Successor Liability. A buyer that acquires a major part of the business assets of another person that is quitting or selling its business may be liable for any outstanding corporate activity tax of the seller. The buyer may withhold from the purchase price an amount sufficient to pay any tax due until the seller can show that the corporate activity tax has been paid. In addition, the buyer can avoid successor liability by providing written notice to the Oregon Department of Revenue and as long as the Department does not assess a deficiency for corporate activity tax against the seller within 18 months following the notice.

Local Commercial Activity Taxes Preempted
The legislature preempted local jurisdictions from imposing their own commercial activity taxes. The preemption does not apply, however, to ordinances or other laws adopted and operative on April 1, 2019 or which were adopted by initiative or referendum at an election held prior to March 1, 2019. This includes the City of Portland 1% gross receipts tax applicable to large retailers approved by voters in November 2018.

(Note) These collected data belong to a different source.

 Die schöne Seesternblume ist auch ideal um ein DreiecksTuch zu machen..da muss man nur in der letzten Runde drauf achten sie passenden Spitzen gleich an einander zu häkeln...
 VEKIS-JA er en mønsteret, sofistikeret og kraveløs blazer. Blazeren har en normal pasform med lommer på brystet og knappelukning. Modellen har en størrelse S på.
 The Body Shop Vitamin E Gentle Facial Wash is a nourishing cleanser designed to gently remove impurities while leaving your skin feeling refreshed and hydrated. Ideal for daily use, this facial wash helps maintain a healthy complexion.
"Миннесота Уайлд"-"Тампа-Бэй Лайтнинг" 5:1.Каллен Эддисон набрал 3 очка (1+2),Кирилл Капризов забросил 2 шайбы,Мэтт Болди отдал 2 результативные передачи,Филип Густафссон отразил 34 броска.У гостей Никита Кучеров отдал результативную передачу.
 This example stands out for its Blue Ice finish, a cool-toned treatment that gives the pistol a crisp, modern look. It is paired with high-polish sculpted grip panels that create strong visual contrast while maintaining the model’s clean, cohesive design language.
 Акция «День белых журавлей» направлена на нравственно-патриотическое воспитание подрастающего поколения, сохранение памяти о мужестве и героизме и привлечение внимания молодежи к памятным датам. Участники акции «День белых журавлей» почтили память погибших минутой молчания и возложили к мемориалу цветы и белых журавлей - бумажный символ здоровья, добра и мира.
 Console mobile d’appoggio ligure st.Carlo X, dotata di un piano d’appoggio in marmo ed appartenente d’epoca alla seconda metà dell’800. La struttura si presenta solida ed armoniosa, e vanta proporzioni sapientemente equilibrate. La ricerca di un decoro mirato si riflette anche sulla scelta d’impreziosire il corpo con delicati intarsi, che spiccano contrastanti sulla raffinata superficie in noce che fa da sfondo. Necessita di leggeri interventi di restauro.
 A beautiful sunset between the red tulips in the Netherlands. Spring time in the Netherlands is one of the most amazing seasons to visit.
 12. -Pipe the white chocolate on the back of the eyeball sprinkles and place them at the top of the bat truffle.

Effect on Other Business Taxes and Personal Income Tax
The Corporate Activity Tax is a new tax that is in addition to existing taxes and does not replace any other taxes imposed by Oregon, including the Corporation Excise Tax. To partially offset potentially higher priced goods as a result of the Corporate Activity Tax, the Bill reduces personal income tax rates for the bottom three income tax brackets by 0.25% for tax years beginning on or after January 1, 2020. The income tax rate for the lowest bracket will be reduced from 5% to 4.75%; the next higher bracket will be reduced from 7% to 6.75%; and the next higher bracket will be reduced from 9% to 8.75%. The highest bracket remains unchanged at 9.9% for income over $125,000.